Together the three of us trooped into Nolan’s office. He closed the door and dumped the files on his desk. Lina took a seat and crossed one long leg over the other. I remained standing.

“I pulled Travers off the Rugulio background check and sent him sniffing around Felix Metzer’s family this weekend.”

“And?” I prompted.

“He was able to confirm that Tate Dilton was the one who showed up at the Metzer family barbecue. Three family members IDed him after Travers showed them a couple of photos of our mustachioed, deceased douchebag.”

Lina was on her feet. “Tate Dilton. The son of a bitch who tried to murder my fiancé?”

“That’s the one,” Nolan said.

“Apparently he was connected to the man Anthony Hugo commissioned to create the list of law enforcement and informants,” I explained.

“Did he put Nash’s name on that list?” Lina demanded. Her fury was a controlled, icy blast.
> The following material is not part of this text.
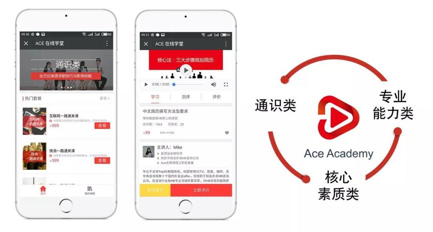 在上课方式上面,在前期,爱思益主要以线下和线上 QQ、Skype、YY 直播为主,今年,团队上线了移动端产品“在线学堂AceAcademy”,提供在线测评、录播教程、课后习题等服务。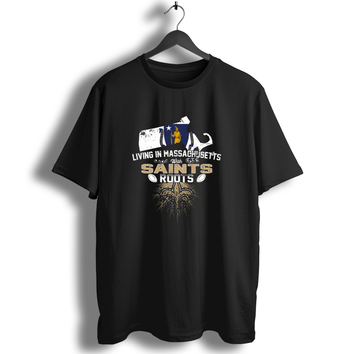 Celebrate your passion for Massachusetts and football with our Living In Massachusetts With Saints Roots Fleur De Lis T-Shirt! This fan-made design is perfect for die-hard fans who want to showcase their love for the Saints while enjoying casual outings or themed events. Made for comfort and style, this t-shirt is a must-have addition to your wardrobe, easily pairing with your favorite jeans or shorts for a laid-back, sporty look.

“It looks that way,” Nolan said.

“But why the hell would he put Nash’s name on the list and then be the one to try to take him out?” she asked. “Why not just pull the trigger and forget the list?”

Nolan glanced at me. “The best we can figure it, Dilton was a dumbass.”

“Well, that tracks,” Lina said.

“He wanted Nash out of the picture but not enough to pull the trigger himself, until Duncan offered him cash. He could have been playing both sides, doing a little work for Anthony over here and a little something for Duncan over there. There’s no loyalty in dipshit criminals,” Nolan explained.

“It looks like that ties everything up in a nice neat bow,” I said. “Dilton put Nash’s name on the list. Dilton pulled the trigger twice. And Dilton ended up dead.”

Lina’s eyes narrowed. “I wish that asshole wasn’t dead so I could knee him in the balls and wax his mustache.”

“You, me, and the boss man,” Nolan agreed.